Four studies provided only follow-up data that could be extracted on the proportion of individuals using phrases (Howlin cohort 33/68 (49%), Sigman & McGovern, 2005 25/48 (52%), Stockholm cohort 123/165 (75%), Anderson–Lord cohort (autistic disorder 48% and PDD-NOS 85%)). One study reported on children who used functional language at baseline (20%) and at follow-up (47%) (Baghdadli-Darrou cohort). In adults, between 33% and 67% were able to use phrases. In population-based studies, between 48% and 75% were able to use phrases.
Combining the findings from all studies, the proportion of participants at the end of the study duration who were verbal ranged between 55% (median age 20 years at follow-up) and 95% (mean age 44.2 years at follow-up). The proportion of participants using phrases ranged from 33% (mean age at follow-up 17 years) to 85% (mean age at follow-up 9 years).
Discussion
Language development in individuals with ASD is complex and heterogeneous. Not all children with ASD experience structural and adaptive language difficulties, but the majority do (Levy et al., 2010). A substantial number of studies (n = 54) collectively including a large number of children (N = 5064) have been published that have provided valuable longitudinal information on language outcomes in ASD. To date, however, it has been challenging for clinicians and parents to interpret these findings. This is because there is inconsistency and variability in study methods and participant characteristics. Moreover, the quality of the studies varies, which may contribute to difficulty weighing the significance of the findings from each study.
Summary of findings from studies
Here, we synthesised available information on verbal language outcomes and assessed the quality of included studies. Substantial variability was seen in mean language scores and slopes of the language trajectories across studies. Yet, studies generally reported similar overall findings, whereby mean baseline and outcome scores on standardised language tests were consistently lower for children with ASD than reference norms, with one exception that included only children with IQ > 80 (Pelicano cohort). Moreover, in all included studies, the majority of children with ASD continued to make positive language gains, including children aged over five years at baseline. Language gains occurred across multiple domains, including composite language (receptive and expressive), vocabulary (receptive and expressive), adaptive language and the acquisition of verbal language.

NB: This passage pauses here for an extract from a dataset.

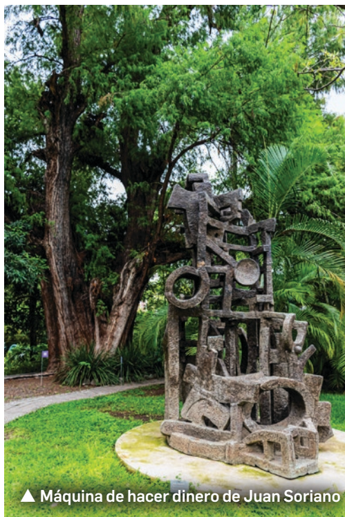
▲ Máquina de hacer dinero de Juan Soriano

◀ Jardín Escultórico del Museo Morelense de Arte Contemporáneo Juan Soriano fotos.
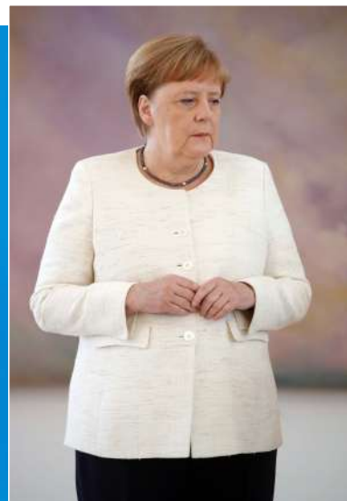
6月27日,默克尔在总统府出席新任司法部长任命仪式时

Children under nine years progressed at a rate comparable to reference norms in the majority of studies (n = 11/18; 61%) based on receptive and composite expressive language and receptive and expressive vocabulary mean standard scores. Seven studies showed a significantly faster rate of progress or ‘catch up’ compared to reference norms in receptive (n = 4/7; 57%) and composite expressive language (n = 3/7; 43%). When studies were combined in the meta-analysis, there was overall gain in composite receptive language (9.3 units) and composite expressive language (5.1 units) mean scores. Findings from studies that reported age-equivalent scores for composite language and receptive vocabulary were less consistent with evidence of some divergence from an age expected rate of progress in some studies but not others. The majority of studies (n = 8/13; 62%) reporting data on adaptive language in children aged under 11 years demonstrated a rate of progress comparable to age expected norms and 31% (n = 4) of studies reported some ‘catch up’ to age expected norms, based on standard scores. Only one study showed a significant decrease in standard scores. When studies were combined in the meta-analysis, there was overall gain in adaptive language mean scores (4.0 units). Gains in the aforementioned studies were observed both in children with and without intellectual disability, across different ASD subgroups and across studies where participants accessed intensive behavioural interventions or intervention in the community.

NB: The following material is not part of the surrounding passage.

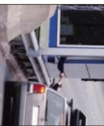
STATEN vil innføre 5,5 milliarder kroner i tillegg til de 200 milliardene som er planlagt for Hålogalandsbrua. Dette vil være en betydelig besparelse for mange bilpendlere som har 20 000 kjøretimene i året.

– Det er viktig å vise hvordan økonomien blir påvirket av ulike tiltak. Dette vil være en betydelig besparelse for mange bilpendlere som har 20 000 kjøretimene i året.

In this review, age, baseline language scores, IQ and length of follow-up did not moderate between study differences in structural or adaptive language growth or the acquisition of verbal language. Our findings contrast with previous studies that have identified IQ and baseline language ability to be a significant predictor of later language outcome (e.g. Ellis Weismer & Kover, 2015; Thurm et al., 2007; Wodka, Mathy, & Kalb, 2013); however, differences may be explained by the varied study methodology and outcomes examined. We were not able to investigate ASD severity as a potential moderator of language growth because of the heterogeneity of tools, versions of tools and ways scores were reported by included studies.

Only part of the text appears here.